При мне командующий армией сам спросил по телефону полковника Пархомчука, сможет ли бригада приступить к делу. Тот доложил, что необходимые инструменты находятся на месте, рельсы и шпалы подвозятся, батальоны бригады готовы к строительству ветки и завершат ее за несколько ночей, если на это время проезд транспорта по трассе строительства будет закрыт.
Маршал К. А. Мерецков был удовлетворен докладом И. И. Людникова по этому вопросу, и вскоре мы были извещены, что необходимые плавсредства направлены в Порт-Артур.

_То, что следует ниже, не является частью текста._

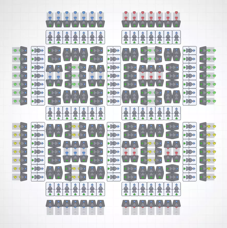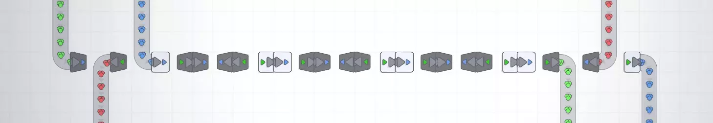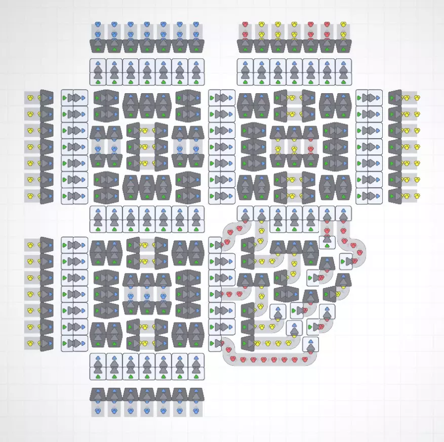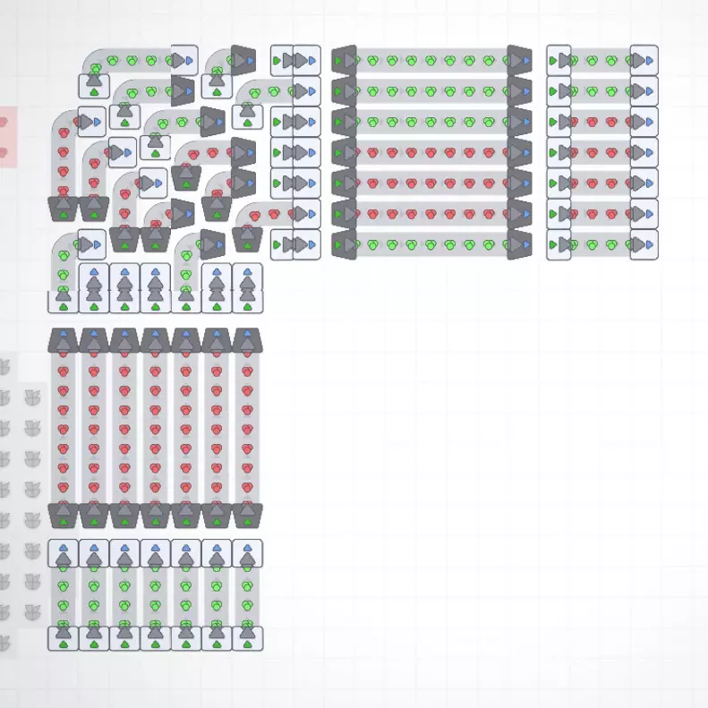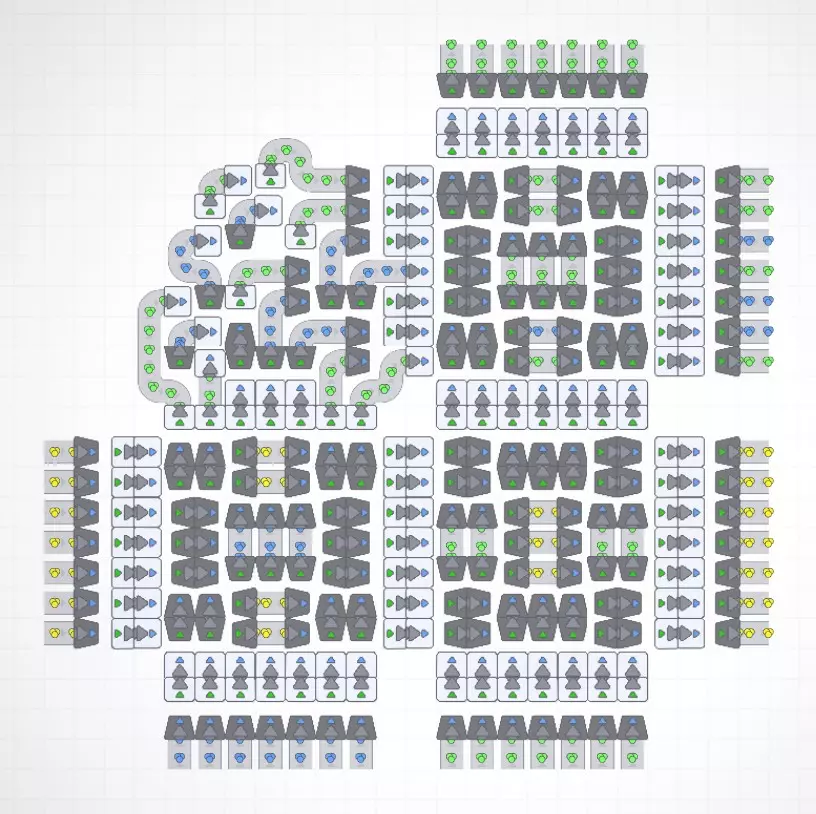 不确定这对其他人是否有用,但我真的很喜欢设计一个能将大量物品从一个点运送到另一个点的系统,所以想分享一下。本指南将涵盖我在这个项目中的设计目标、这些系统为何有用、它们的工作原理以及如何在你的工厂中使用它们。由于这是我第一次做这类指南,我希望能尽量减少错误,但请做好准备,这可能不是一个完美的解释! 简介 在《形状工厂》中设计东西时,我倾向于选择既能实现最佳传送带效率,又能将占地面积控制在最小的系统。这意味着,归根结底,如果有一条每秒运输30个物品的完整生产线,我希望我设计的任何系统都能处理该输入,并输出同样的每秒30个物品,同时将占用的空间保持在最小。我将系统或工厂的面积定义为机器本身占用的空间,而非总瓷砖数量,以此鼓励紧凑设计。话虽如此,本指南中的一些设计为了美观和最小占地面积,牺牲了部分易用性。这一点在转弯部分尤为明显。此外,我确信这些设计并非都完美无缺,如果你有任何改进建议,我很乐意看到! 好了,让我们开始介绍这些设计吧!抱歉,截图质量不佳,不知为何我用的所有工具都无法截取清晰的截图…… 传送带线路及其优势 7(14)传送带线路是一种7格宽、14线路的紧凑型传送带系统。下方图片展示了“交错”传送带线路如何将占地面积减少一半!这是我设计出的最实用的线路压缩方案,但稍后我们会介绍一种实用性较低但更为紧凑的版本。

Организованно и оперативно справилась со строительством ветки наша инженерная служба, так что оставалось теперь одно с приходом плавсредств погрузить на них паровозы. Правда, перед этим пришлось основательно поволноваться еще и насчет подъемного крана.
Кран был смонтирован русскими инженерами и рабочими еще в 1904 году, но оставался в исправном состоянии. Только вот его оптимальная грузоподъемность вызывала сомнения, тем более что никакой технической документации к нему не сохранилось.
При помощи городского комитета партии мы разыскали в городе довольно пожилого китайца, который раньше работал на этом кране. Он сообщил, что грузоподъемность крана 100 тонн, даже несколько раз повторил русское слово «сто», а для большей убедительности и чтобы его правильно поняли, еще десять раз взмахнул обеими руками. Это разъяснение успокаивало: паровоз без тендера весил 108 тонн, а кран, наверное, рассчитывался на какие-то допустимые перегрузки.
Группа инженеров в течение трех дней поднимала на разную высоту паровоз, пока не убедилась в надежности крана.
А вскоре специальные суда, подготовленные для перевозки паровозов, уже ставились под загрузку. [233]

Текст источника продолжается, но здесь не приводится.